And part of it has been the same innovation I've been applying to programing, applying that to revenue.
So how do you think about different ways that you can bring in membership?
How do you think about different ways you can create revenue programs to be able to do all the things that museums doing and in some ways to borrowing from other areas of borrowing from for profit models as much as nonprofit models, thinking about ways like, why do you want to come back to museum?
Let's lean into that.
How do we make more of that?
How do we make the museum be a cool social space that you want to come on a Thursday night, not just once a year?
All those things kind of link together.
So I really apply kind of that same approach to the finance side of it as I do the programing side.
So why do you maybe like to be doing a sculpture in the back room?
You are forced to wear your management hat, you know.
Welcome to Seattle.
Here comes an 11 day strike.
Yes.
You're now a union shop.
It got resolved.
Any lasting implications of that?
Is it long term a good thing, a bad thing?
How do you review it?
It's a good thing, I think, coming in.
I mean, nobody wants to walk into a situation.
And this is one that had been going for a couple of years.
So I kind of inherited it coming in.
But to be able to reach a resolution relatively quickly, but for me it was learning a lot.
I learned a lot about the organization.
I learned about Seattle, I learned about who I have on my team.
I think that's incredibly important.
And through that process, it's surface, some adjacent things.

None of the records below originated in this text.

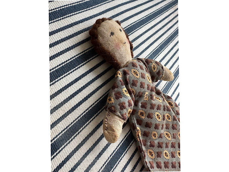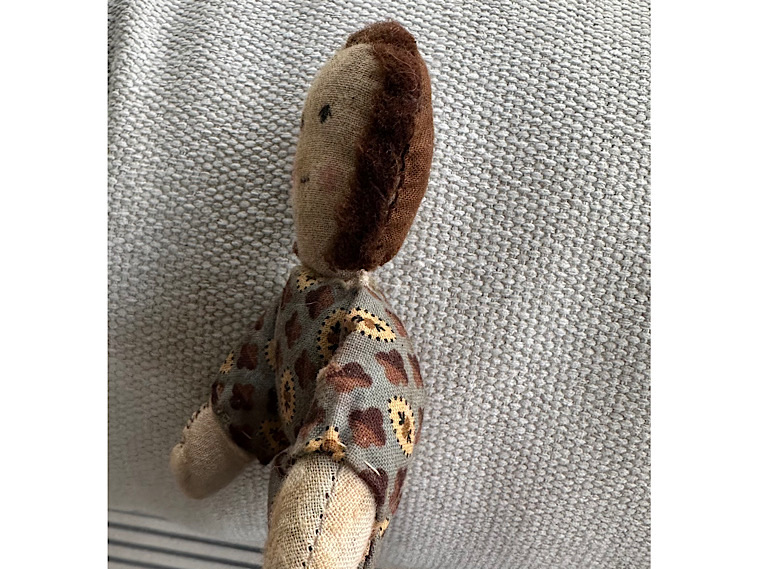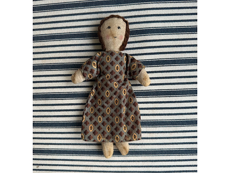 Miss Betsy Jane is a sweet little thing. Her body is made from vintage cotton with a few “repair stitches” on her arm, poor thing, to add to her primness. Please take a look at the photos to view the “repair stitches”. All the fabrics have been aged. All visible stitching is done by hand. There are a few old worn frayed marks on her dress. Her hair is a combination of brown wool and cotton. Miss Betsy Jane is 8 inches tall. She’s awful squishy and has my full ^^Admiration^^ Kindly asking $45 which includes shipping.
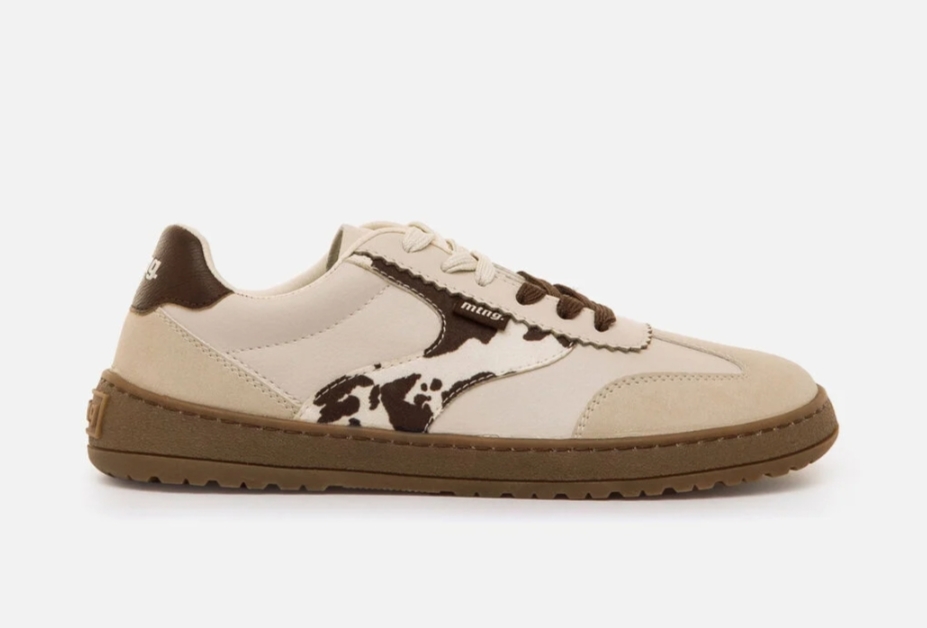 Zapatillas barefoot de color beige con estampado animal print de vaca para mujer, modelo FREE Alask Wonderly Sand de la marca Mustang.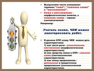 Документ рассматривает сложности, с которыми сталкиваются выпускники при изучении русского языка, в частности, различие между терминами 'союз', 'союзное слово' и 'местоимение'. Он также подробно объясняет морфологические и синтаксические особенности этих понятий, включая правильное употребление союзов, мест и чисел. Включены примеры и советы по грамматике, которые помогут уяснить правила русского языка.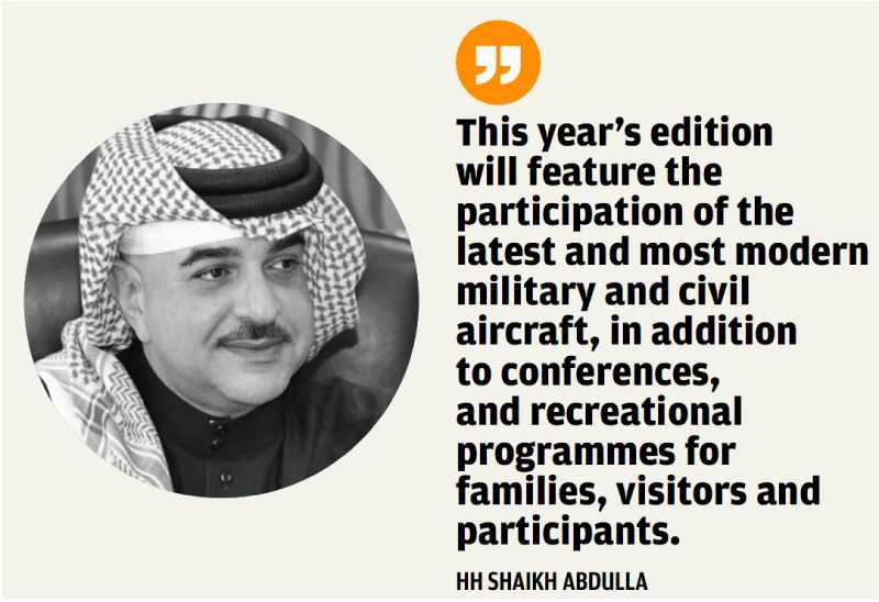 HM the King’s Personal Representative and Chairman of the Supreme Organising Committee of the Bahrain International Airshow (BIAS 2018), HH Shaikh Abdulla bin Hamad Al Khalifa, has extended thanks and appreciation to all parties that are exerting tremendous efforts ahead of the official opening of BIAS 2108, due to be held under the patronage of His Majesty King Hamad bin Isa Al Khalifa, on November 14-16, at the Al Sakhir Air Base.
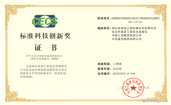 2023年2月28日,由中國工程建設標準化協會舉辦的2022年度標準科技創新獎頒獎典禮在京舉行。湖北省建設工程質量安全監督總站會同武漢市建設工程安全監督站、中建三局集團有限公司、中天建設集團有限公司等單位編制的《房屋建筑和市政基礎設施工程安全生產事故隱患排查與治理要求》(DB42/T 1651-2021)獲得“標準科技創新獎”項目獎二等獎。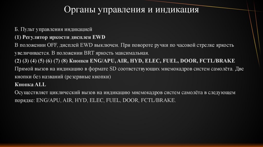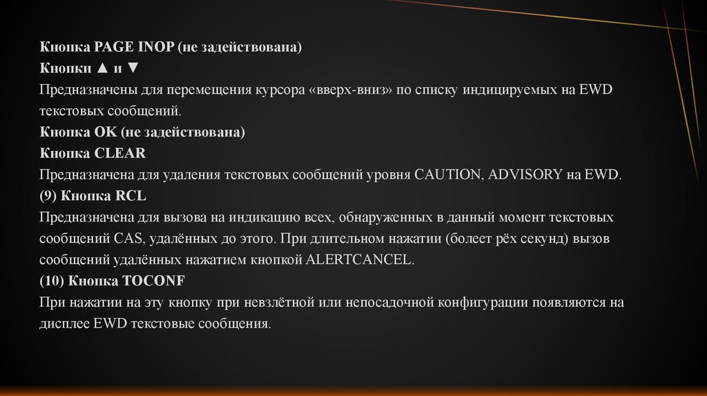 При нажатии на эту кнопку при невзлётной или непосадочной конфигурации появляются на
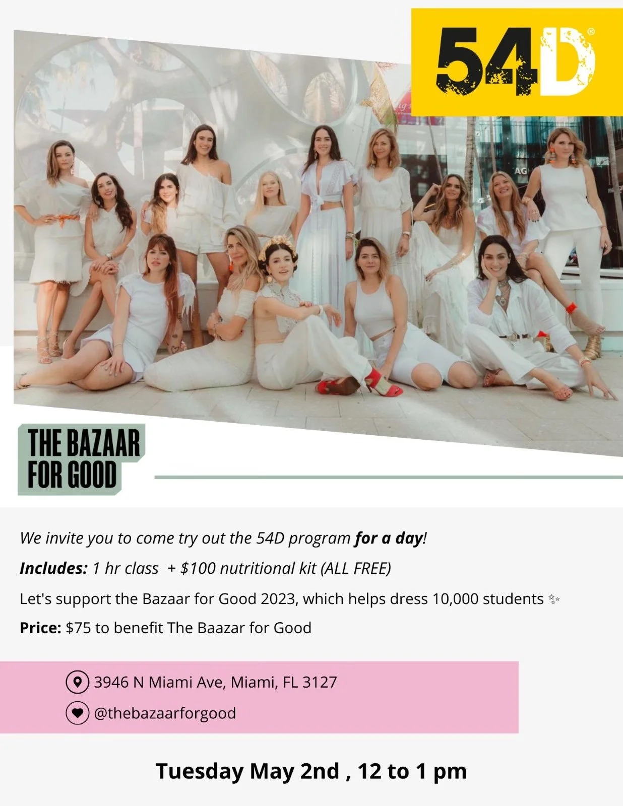 We invite you to come try out the 54D program for a day! Ticket price includes 1 hour class, $100 nutritional kit and a $75 donation to be benefit The Bazaar for Good.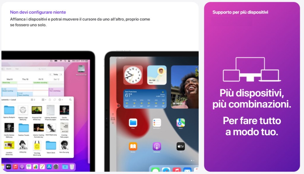 Controllo Universale permette di controllare senza problemi più dispositivi Apple, inclusi iMac, MacBook e iPad, tutti con la stessa tastiera e mouse.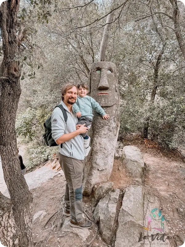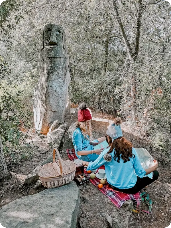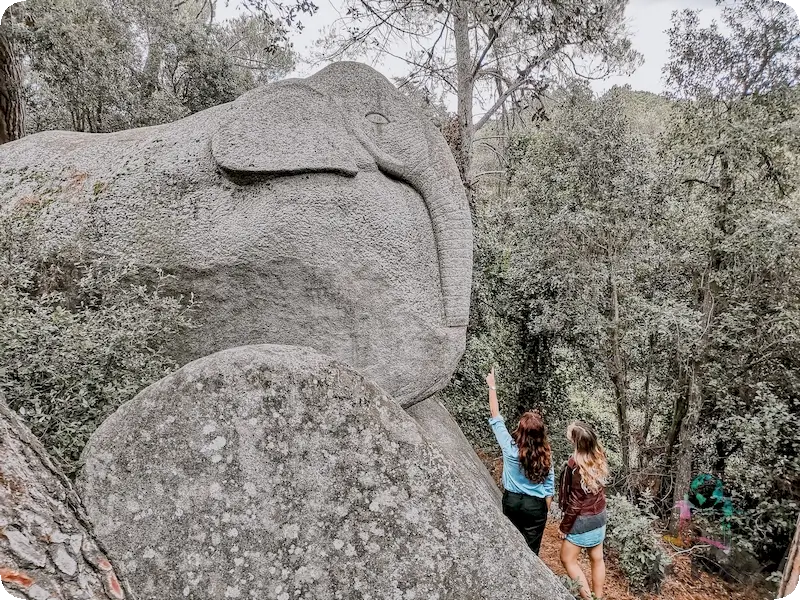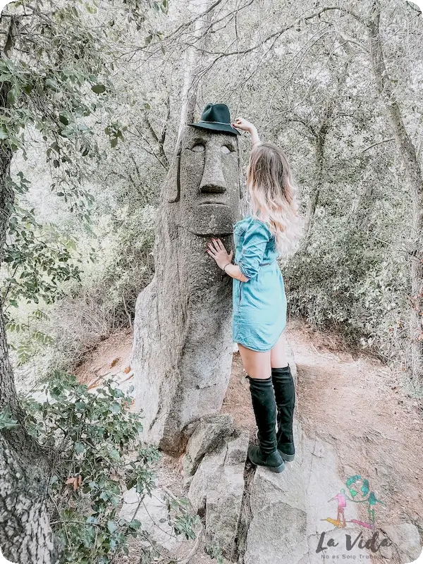 Visitamos el Bosque Encantado de Orrius, situado a 30 minutos de Barcelona, en el Maresme. Te contamos como encontrar las figuras del elefante, indio y el moai.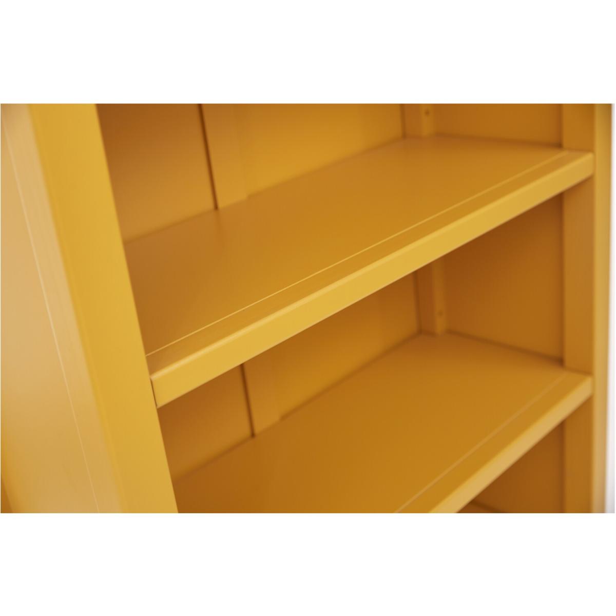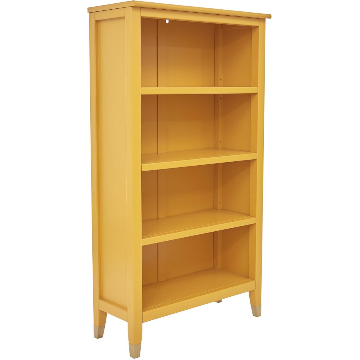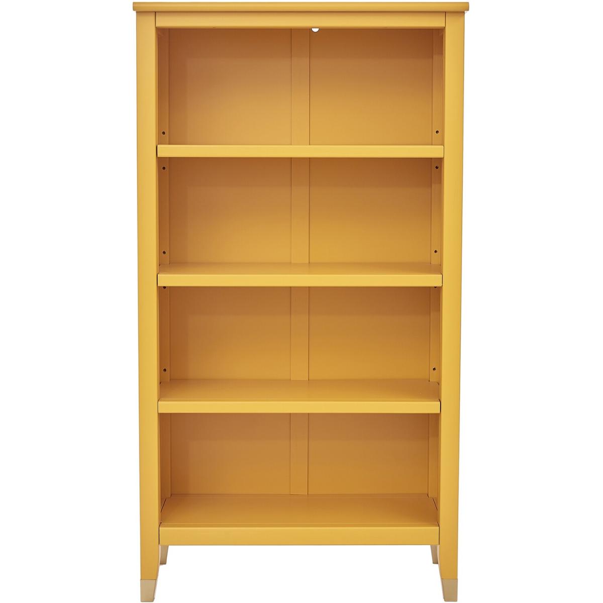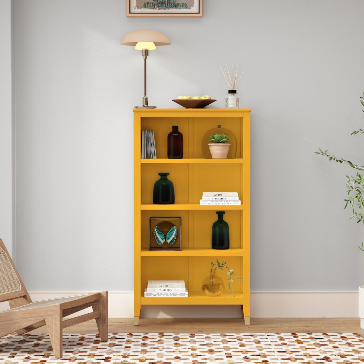 I love this slim yellow bookcase for adding a pop of colour and practicality to any room. Its narrow profile makes it ideal for smaller spaces or for use as a statement piece in living rooms, bedrooms, or home offices. The vibrant mustard hue works well in both contemporary and eclectic interiors, providing a cheerful focal point. For styling, I recommend pairing it with neutral-toned accessories and plants to soften the bold colour, or layering with decorative objects and books for a curated look. It's perfect for displaying a mix of everyday essentials and decorative pieces without overwhelming the space, making it both functional and visually appealing.

With the organization that allowed me to take care of those right away, that may have taken a much longer time to deal with retirements and work rules.
And, and, you know, just how we're kind of, you know, approaching labor and we want to support our staff.
And there's also those things that are non compensation.
Like what are those other areas that we can look at.
So in a way it was like in somewhat of kind of I wouldn't want to do it again, but it was a blessing to kind of go through all of that and learn from it.
So we're in a great place going forward.
You know, with the union and look forward to continuing to grow that.
In reading your bio, you you'd been targeting Sam for a long time.
You always wanted to come to Seattle and do this all along with that.
You talk a little bit about the relationship management piece.
You manage relationships in Tulsa.
There's some big oil money there.
There are people with money here.
There are billionaires.
Yes.
And they have big art collections.
They do.
And, how are you managing that?
Are you do you feel like you must feel like you're equipped to manage it, but, what's out there?
Are there big collections you're trying to get?
What have you received?
Talk a little bit about your plan when it comes to that much bigger, more global even piece that you're dealing with here?
Yeah.
Well, it's really exciting.
I mean, there's some tremendous supporters here that have been very generous, not only to Sam, but to all sorts of organizations across the region.
There's amazing collections here, some of which have already been, you know, gifted to Sam and some, of course, that we want to nurture in the future.
So I think it's just a blessing to be able to kind of work with, people that are avid collectors that know art, they're passionate about the arts community here.
And I think part of it is like whenever you're dealing with, you know, somebody who's supporting the museum, I get asked often like, is it hard to ask for money for things?
I think it's really easy to do when you believe in what you're doing.
And I truly believe in what we're doing through the museum.
And I know that, you know, I was brought in for a purpose.
Yes.
Here.
And and be able to execute that.
So I feel like it's a great synergy.
And I'm just really excited to be here.
Yeah.
I don't think there's any way unless you're a sociopath, you can't ask for money for something you don't believe.
Now you have to believe it and be excited about it.
Yeah, yeah.
Speaking of which, you know, people with some big money Paul Allen Family Foundation, they're bringing back stuff, free first Thursday, which what was there?
Then it went away and now it's coming back.
Talk a little bit about some of these engagement pieces and I'll hit you next on World Cup.
But first up.
Yeah, the Thursday nights.
How is that.
So Thursday nights they had been with Covid hit and a lot of things kind of rolled back downtown.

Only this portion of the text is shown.